For my own amusement I ran the Apache BCEL library through my maven repository to see where the rarer class and method attributes such as type annotations are used and why.
I stumbled across a problem with a specific jar which would not decode one of the constant fields - CONSTANT_Utf8_info specifically. The library is icu4j-2.6.1.jar (com.ibm.icu:icu4j)
, specifically the LocaleElements_zh__PINYIN.class
file. Apache BCEL fails (and my own attemps at a quick bytecode reader complying with the JVMS version 8 and 9) stumbles into the same problem where they misread this constant and then reads the next byte which evaluates as an incorrect constant tag (0x3C/60).

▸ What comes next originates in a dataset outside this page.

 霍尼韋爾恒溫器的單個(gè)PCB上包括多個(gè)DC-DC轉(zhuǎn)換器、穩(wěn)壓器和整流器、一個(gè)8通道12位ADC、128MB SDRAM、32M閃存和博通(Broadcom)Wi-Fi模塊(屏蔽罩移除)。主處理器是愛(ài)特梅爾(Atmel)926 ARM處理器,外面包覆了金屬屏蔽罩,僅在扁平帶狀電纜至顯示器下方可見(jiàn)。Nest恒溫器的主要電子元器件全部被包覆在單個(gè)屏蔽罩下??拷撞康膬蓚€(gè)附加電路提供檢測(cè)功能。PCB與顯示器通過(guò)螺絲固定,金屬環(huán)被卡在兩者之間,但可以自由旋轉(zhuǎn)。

Doing a quick check to see if I can use the class in an IDE fails (cannot resolve symbol). Investigating the actual bytecode using a Hex Editor, shows that the constant at that offset (0x1AC
) is a Utf8 constant (tag=0x01
) with a length of 0x480E
. Moving forward that amount in the file indeed has a byte 0x3C
at that location. Visually looking at the file, I can see that the constant in question ends at location 0x149BD
which makes the actual length of the string 0x1480E
(which is essentially the first three bytes at location 0x1AC
). This is of course not possible as per the JVM classfile specification which has a maximum length of 0xFFFF
or 65535 for a Utf8 constant. The classfile is quite old - version 46 or Java 1.2.

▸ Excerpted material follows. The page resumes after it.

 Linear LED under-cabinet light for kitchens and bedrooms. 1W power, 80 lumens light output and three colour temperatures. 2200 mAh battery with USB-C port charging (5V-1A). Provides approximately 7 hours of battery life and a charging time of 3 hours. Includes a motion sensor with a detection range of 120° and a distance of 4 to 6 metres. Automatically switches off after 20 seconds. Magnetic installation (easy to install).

I've pored over the specification and tried different possible implementations (both less and more strict) to try and parse this constant but it either cannot parse it, or it breaks the reading of other valid Utf8 constants.
My question then is, have I missed something, or is it a compiler mistake in which case my second question is how could this have happened in the first place - compilers tend to be relatively thoroughly checked. Lastly, how does the Java compiler normally manage string literals that are longer than 65535 bytes in length?